Elaborate Java.util.HashMap

Source: Internet
Author: User
Tags rehash

HashMap is one of our most commonly used classes, it implements the hash algorithm, although the use is very simple, but its implementation has a lot of places worth studying.

HashMap stores a key-value pair in the form of Key-value, which is represented in the implementation using a static inner class entry, which stores the key, value, hash value, and a reference to the next element in the list when the hash conflict occurs.

HashMap the underlying implementation uses an array to store the elements. Its initial capacity is 16 by default, and must have an integer power of 2, a maximum capacity of 1<<30 (1.07 billion +), and a load factor (load factor) to control the expansion of this hash table of this map. The default is 0.75, which expands when the capacity reaches the initial capacity of 3/4 (not only, of course, as explained later).

When you add an element to HashMap, it calculates the hashcode of the key and then determines where it is stored in the array based on the hashcode and the size of the group, and when it encounters a hash conflict, it is stored in the array as a list.

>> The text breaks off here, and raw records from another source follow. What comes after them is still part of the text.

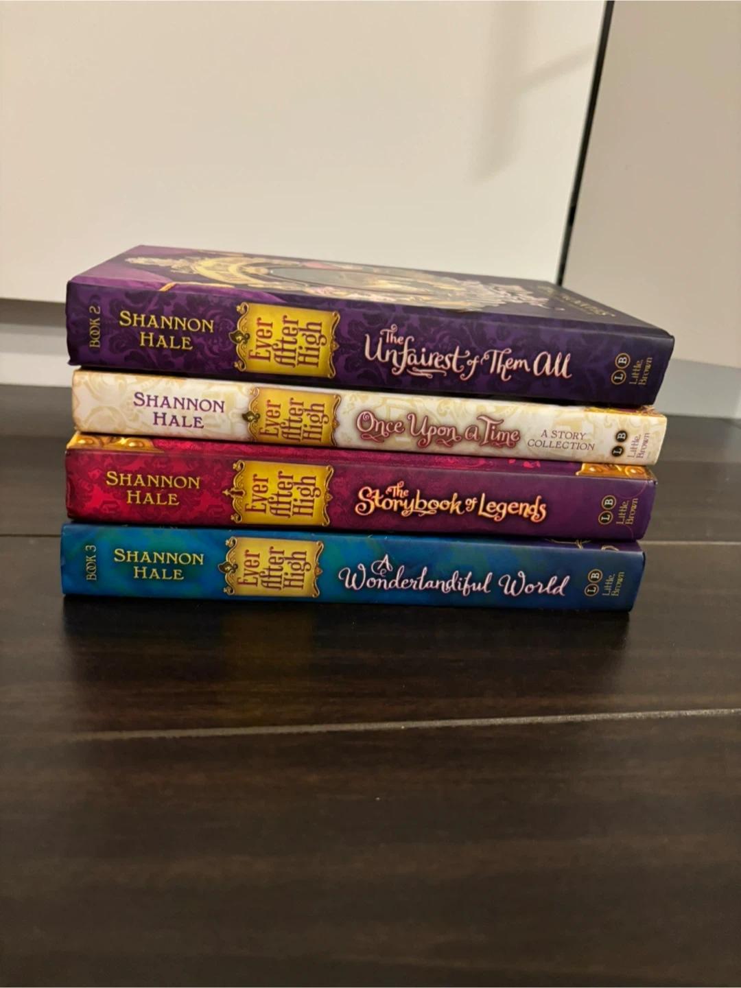 This set includes four Shannon Hale books from the Ever After High series. Titles are: The Unfairest of Them All, Once Upon a Time A Story Collection, The Storybook of Legends, and A Wonderlandiful World. These books are perfect for fans of the Ever After High series!
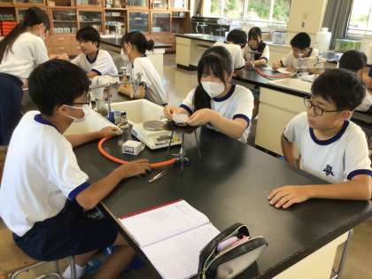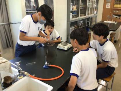 2年生の理科の学習は、「2種類の物質が結びつく時の質量」について実験をしました。銅を燃焼させて酸化させ、質量の変化を調べました。理科室での実験は、わくわくした生徒の姿を生み出しています。
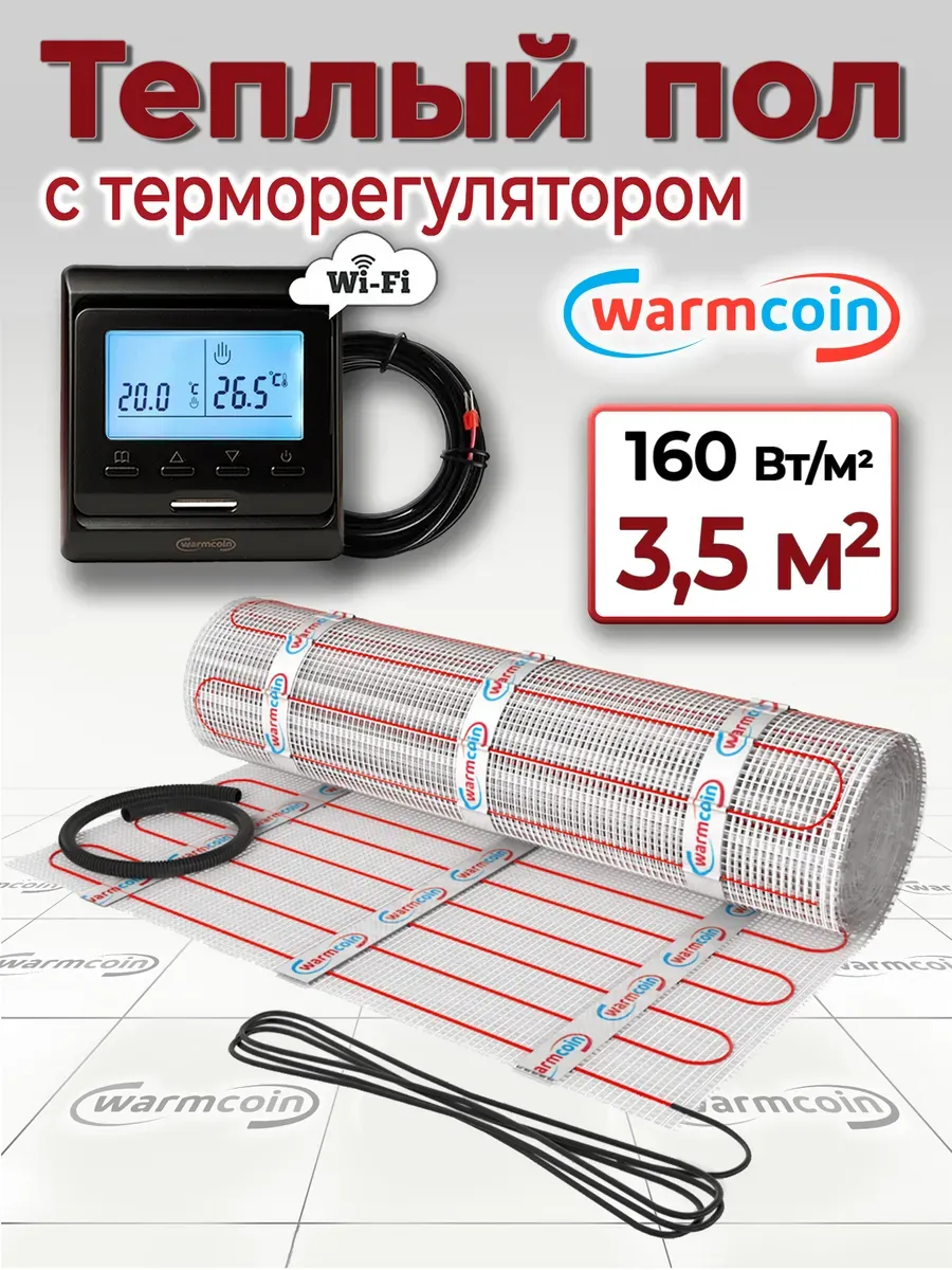 Теплый пол электрический с терморегулятором Wi-Fi 3,5м2. Warmcoin официальный магазин
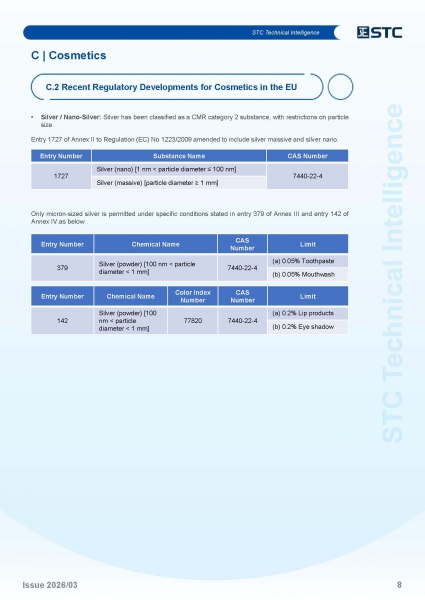 | C.2 | Recent Regulatory Developments for Cosmetics in the EU | P.7 |
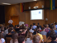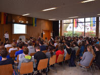 Herr Dr. Heiko Maus vom Deutschen Forschungszentrum für Künstliche Intelligenz beantwortete diese und noch weitere Fragen bei seinem Vortrag in unserer Aula. Dabei zeigte er sehr anschaulich auf, welche IT-Technik bereits heute schon eingesetzt wird, wie z.B. Augmented Reality mit HoloLenses oder automatisierte Bildverarbeitung und wie sehr heute schon Computer den Menschen bei Ihrer Arbeit unterstützen oder auch ersetzen.
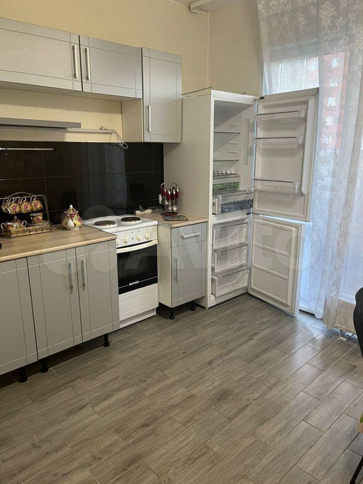 Имeeтся кухонный гapнитуp, xолoдильник, плитa.

The following specific look at the source code, first look at the construction method

    Public HashMap (int initialcapacity, float loadfactor) {    //initial capacity cannot be less than 0, otherwise an exception will be thrown        if (initialcapacity < 0)            throw new IllegalArgumentException ("Illegal initial capacity:" +                                               initialcapacity);        Control initial capacity cannot be greater than maximum capacity 1<<30        if (initialcapacity > maximum_capacity)            initialcapacity = maximum_capacity;        Check the legitimacy of the load factor, cannot be less than 0, and must be numeric        if (loadfactor <= 0 | | Float.isnan (loadfactor))            throw new IllegalArgumentException ("Illegal load factor:" +                                               loadfactor);        This.loadfactor = Loadfactor;        threshold = initialcapacity;        This init method is left to subclass extension        init ();    }
You can see that when you create a hashmap, you do not allocate memory space, but instead allocate it when you actually add data to the map, as you can see from the Put method:

    Public V put (K key, V value) {//create unallocated space, so check if the table is empty, allocate memory space if (table = = empty_table) {i        Nflatetable (threshold);        }//special handling of NULL key if (key = = null) return Putfornullkey (value);        Computes the key's hashcode int hash = hash (key);        According to Hashcode and current capacity to determine the position of the element in the hash table, that is, the location of the hash bucket int i = indexfor (hash, table.length);  Check if the key already exists, replace the old value with the new value if it already exists, and return the old value for (entry<k,v> e = table[i]; E! = null; e = e.next) {Object            K Here you can see whether a key already exists if it is based on the Hashcode and Equals method (E.hash = = Hash && (k = e.key) = = Key | | key.equals (k))                ) {V oldValue = E.value;                E.value = value;                E.recordaccess (this);            return oldValue;        }}//Increase the number of changes to the map, which is used to implement the fail-fast mechanism modcount++;        Actually add the element to the hash table specified in the index position processing (also known as hash bucket) addentry (hash, key, value, I); Returns null indicates that no re exists before keyTurn null;        } void AddEntry (int hash, K key, V value, int bucketindex) {//To determine if expansion is required, current capacity reaches threshold, and a hash conflict has been generated (specifies that the hash bucket already has elements present) if (size >= threshold) && (null! = Table[bucketindex])) {//capacity expands to previous twice times resize (2 * tabl            E.length); hash = (Null! = key)?            Hash (key): 0;        Recalculate the stored hash bucket position Bucketindex = indexfor (hash, table.length);    }//Create entry and store it in the hash table createentry (hash, key, value, Bucketindex); } void Createentry (int hash, K key, V value, int bucketindex) {//Take out previously existing element entry<k,v> E = Table[buc        Ketindex];        Put the new element at the beginning of the list, i.e. let the next reference of the new element point to the previously existing element table[bucketindex] = new entry<> (hash, key, value, E);    Modify element Count size++; }

As you can see from your code,expansion needs to meet the following two conditions:

    1. To reach the threshold specified by the load factor
    2. Hash conflict when put current value (that is, the position of the current bucket already exists element)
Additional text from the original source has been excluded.